Both Sophie and I rely on LLMs for a considerable amount of our daily tasks and projects. She has been using ChatGPT Plus since June 2024, and I have been using Google Gemini Pro since May 2025. We probably average 2-3 hours a day each on the apps, far more than any other smartphone app. As a household we spend $55 CAD a month on LLM subscriptions.
I’ve been working on a project fine-tuning an LLM on multi-task workflows relevant to my domain expertise, which gives me a preview of the next iterations of the technology. I am excited to see how the next frontier of LLMs will increase the productivity of the white collar professionals who adopt them.
The best way to get LLMs to be useful for you is to view using LLMs as a video game: When you start playing a new video game, you need to learn how to use the controllers and the bounds of what you can do within the game. LLMs are similar. My suggestion is to take some of your free time and see what you can get an LLM to do. Over time you will be impressed on how much it can do.
Like video games, there are power-ups when using LLMs. My favorite is meta prompting. Here’s an example of what I mean by meta-prompting.

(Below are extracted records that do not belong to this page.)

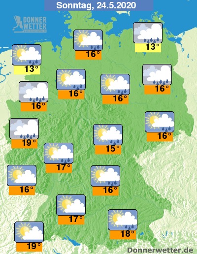 Am Sonntag zeigt sich das Wetter im Süden und Westen teilweise heiter, teils ist es stark bewölkt, dabei bleibt es weitgehend trocken. Im übrigen Bundesgebiet ziehen meist viele und oft dichte Wolken durch, dabei bilden sich zeitweise Schauer. Die Temperatur erreicht 13 Grad an den Küsten und bis 19 Grad am Oberrhein.
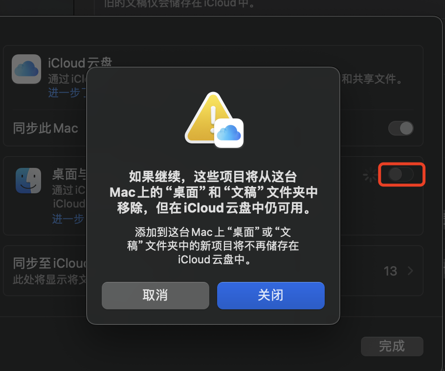 在 Mac 上误操做 iCloud 同步,关闭时提醒会删除本地文件,目前桌面无文件
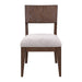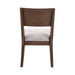 The Cascade Falls Panel Back Side Chair blends sleek design with everyday comfort. Crafted of Rubberwood solids in a rich Satin Espresso finish, this chair features a softly shaped panel back that offers both support and style. The padded seat is upholstered in Grey Mist Boucle fabric, adding a touch of texture and cozy elegance. Square tapered legs lend a clean, modern profile, while nylon chair glides help protect your floors—making this the perfect companion to the Cascade Falls dining table or as a stylish accent on its own.
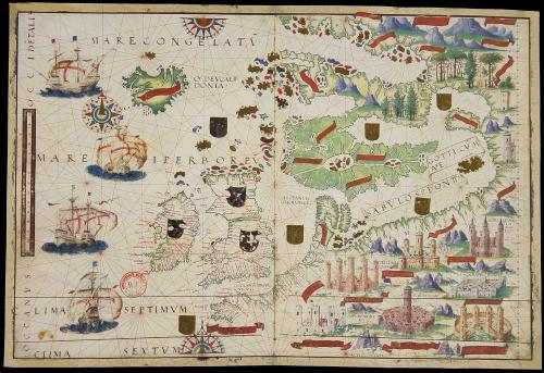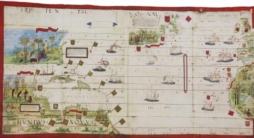 2003. LIBRO. (FACSÍMIL). ATLAS MILLER. Barcelona: Ed. Moleiro, 2003. Facsímil del original custiodado en la Bibliothèque nationale de FRance. Compuesto de 6 pergaminos que contienen 8 mapas impresos en imitación de pergamino de 41,5 x 59 cm y 2 mapas de 61 x 117 cm. Iluminados con abundantes dorados. Presentado en un estuche de seda a la medida del mapa grande que se presenta enrollado y otro estuche para las láminas. Edición limitada a 987 ejemplares, con acta notarial. Se acompàña del libro de comentarios en su caja editorial.
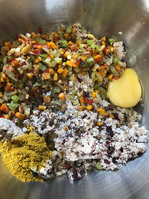 - Add the onion mixture, curry powder, and egg, and season well with salt and pepper.
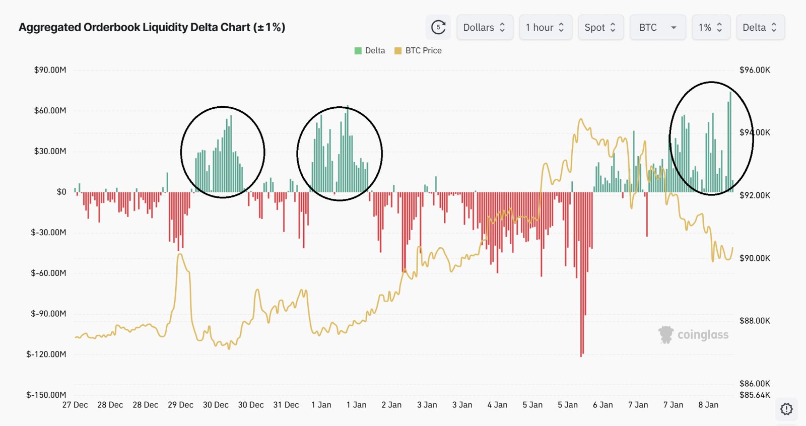 Daten von CoinGlass zeigt Das aggregierte Orderbuch-Liquiditätsdelta zeigt starke passive Gebote bei etwa 90.000 US-Dollar. In den letzten zwei Wochen kam es zu einer ähnlichen Absorption von Angeboten, die kurzfristigen Erholungen vorausgingen, ein Muster, das sich wiederholen könnte, wenn Käufer diese Zone weiterhin verteidigen.

Sometimes I go back and forth refining the prompt to make it even better before I open a new chat and paste it in.I have always found LLMs to be too agreeable and sycophantic. Some models (like Gemini) now have personal context setups, where you can give your LLM instructions on how you would like it to respond. Here is mine:
When responding to me, always adopt a concise and objective tone. Do not be agreeable or seek to please me. Instead, actively challenge my premises and assumptions to ensure rigorous critical thinking. Prioritize factual accuracy and counter-arguments over conversational harmony.
I am disappointed, but not surprised, that younger generations are using LLMs as shortcuts to schoolwork as opposed to enhancers. I have professor friends who have seen a serious degradation in the preparation of these young students who use LLMs to cheat their way into a degree.
I use Gemini a lot to learn about new subjects, and I use the following prompt I found on X as a starting prompt:
I would benefit most from an explanation style in which you frequently pause to confirm, via asking me test questions, that I’ve understood your explanations so far. Particularly helpful are test questions related to simple, explicit examples. When you pause and ask me a test question, do not continue the explanation until I have answered the questions to your satisfaction. I.e. do not keep generating the explanation, actually wait for me to respond first. I’m hoping that by tutoring me in this Socratic way, you’ll help me better understand how superficial my understanding is (which is so easy to fail to notice otherwise), and then help fill in all the important blanks. Thanks!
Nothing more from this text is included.